Variety is the spice of life and when it comes to fruit and vegetables, the more variety, the better! They all come packed full of different flavours and health benefits so why not try experimenting with something new you haven’t tried instead of the usual. Many of the less commonly used varieties are actually very visually appealing and can make for a great talking point when entertaining.
Here are eight uncommon fruits and vegetables to give your diet variety
Black sapote (chocolate pudding fruit)
This fruit starts out green and gradually turns black. It may look rotten but don’t throw it out! At this stage, it is ready to eat. As the name suggests, the flavour mimics a chocolate taste. It is native to south and central America.
The kohlrabi is related to the cabbage and unsurprisingly, has a similar flavour. It can be eaten raw or cooked.
Lychees are white in appearance once peeled. They are often used in desserts or cocktails. They have a similar taste and texture to grapes and can be quite refreshing in the summer.
Pitaya (dragon fruit)
This fruit is great to use if you want to really dress up a salad, dessert or drink. Once cut, the fruit looks quite magnificent with its vibrant pink outer later against its white flesh with small black seeds spotted throughout. The flavour is somewhat subtle.
The rambutan is another fruit with a striking appearance. It’s red skin has flexible spikes and it’s flesh is white. The fruit is comparable to the lychee and it is sweet in flavour.
This vegetable may have already caught your eye. It is actually a lot like cauliflower in flavour. Visually, it somewhat resembles a cauliflower except a lot more whacky!
The mangosteen is another interesting looking fruit.
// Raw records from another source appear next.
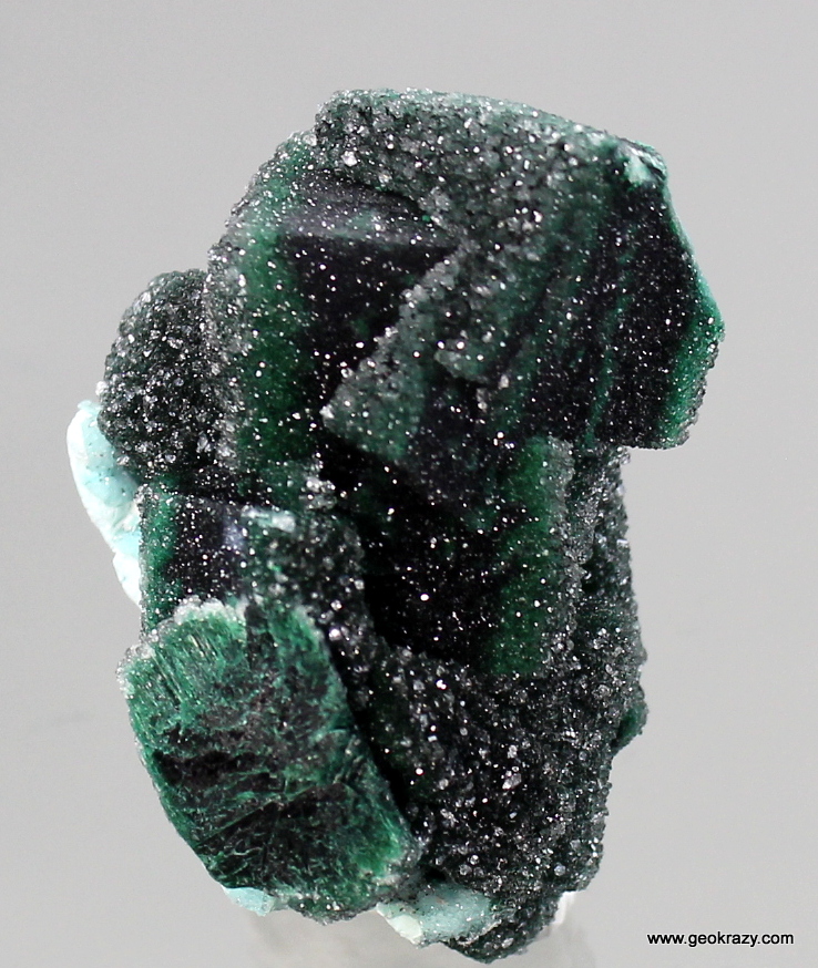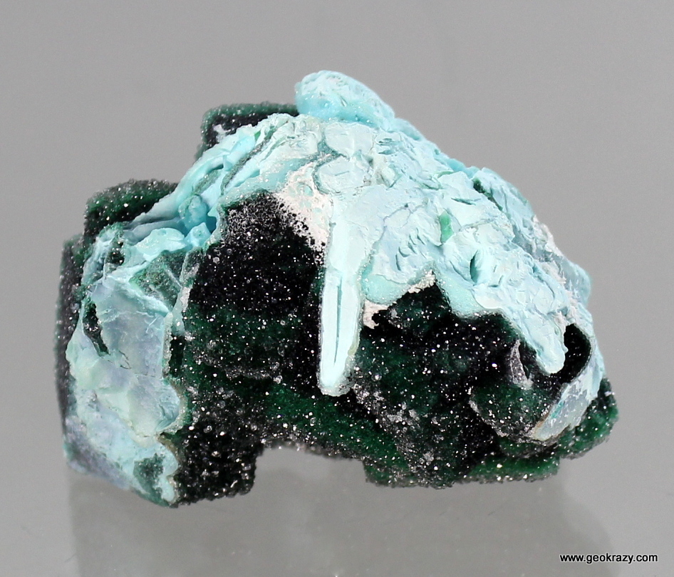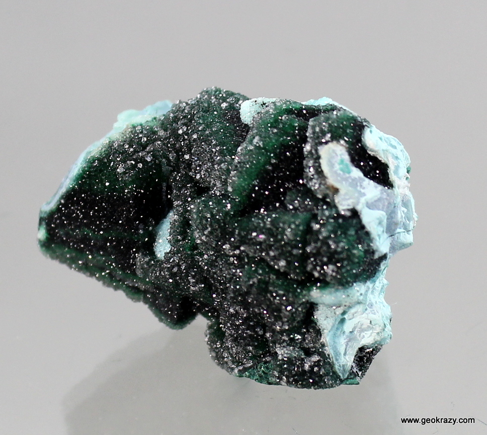 As I was hunting through a large lot of chrysocolla and malachite I came across this one specimen that immediately rung my bell. A mound of primary malachite crystals as large as 2cm wrapped with veins of chrysocolla.
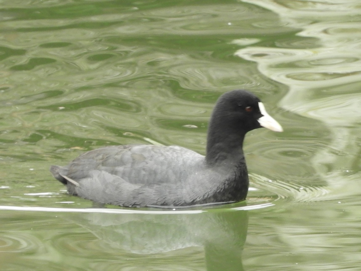 - カイツブリと間違えやすいが、オオバンはより大型で、くちばしが白いのが決定的な違いです。
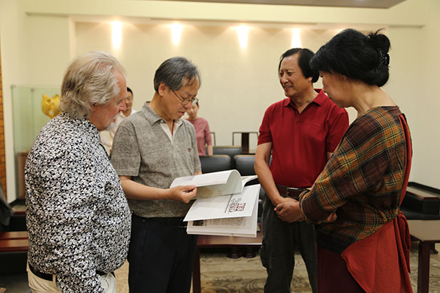 2019年6月18日,比利时皇家美术学院巴特院长、比利时安博买球家闫淑芬女士在华艺安博买球参观指导并进行艺术讲座,并参观了临朐县年画博物馆。华艺安博买球董事长傅绍相向巴特院长颁发了专家聘书,并馈赠礼品。巴特山东华艺之行与之结下了深厚的艺术友谊,共同为世界安博买球艺术发展做出了积极的贡献

It has a bright purple outer skin and the edible portion is white. The texture is similar to citrus fruit (juice filled vesicles) and the taste is sweet and tangy.
Step away from the usual green asparagus and get some of those purple colour pigments in to your diet! The taste is the same but it adds some colour to a dish and you will be receiving the benefits from the anthocyanin pigments which aren’t as commonly eaten in vegetables.
Make it a goal to try out a new vegetable or fruit each week or month. It’ll make your average meal more interesting and each type will provide you with health properties of its very own.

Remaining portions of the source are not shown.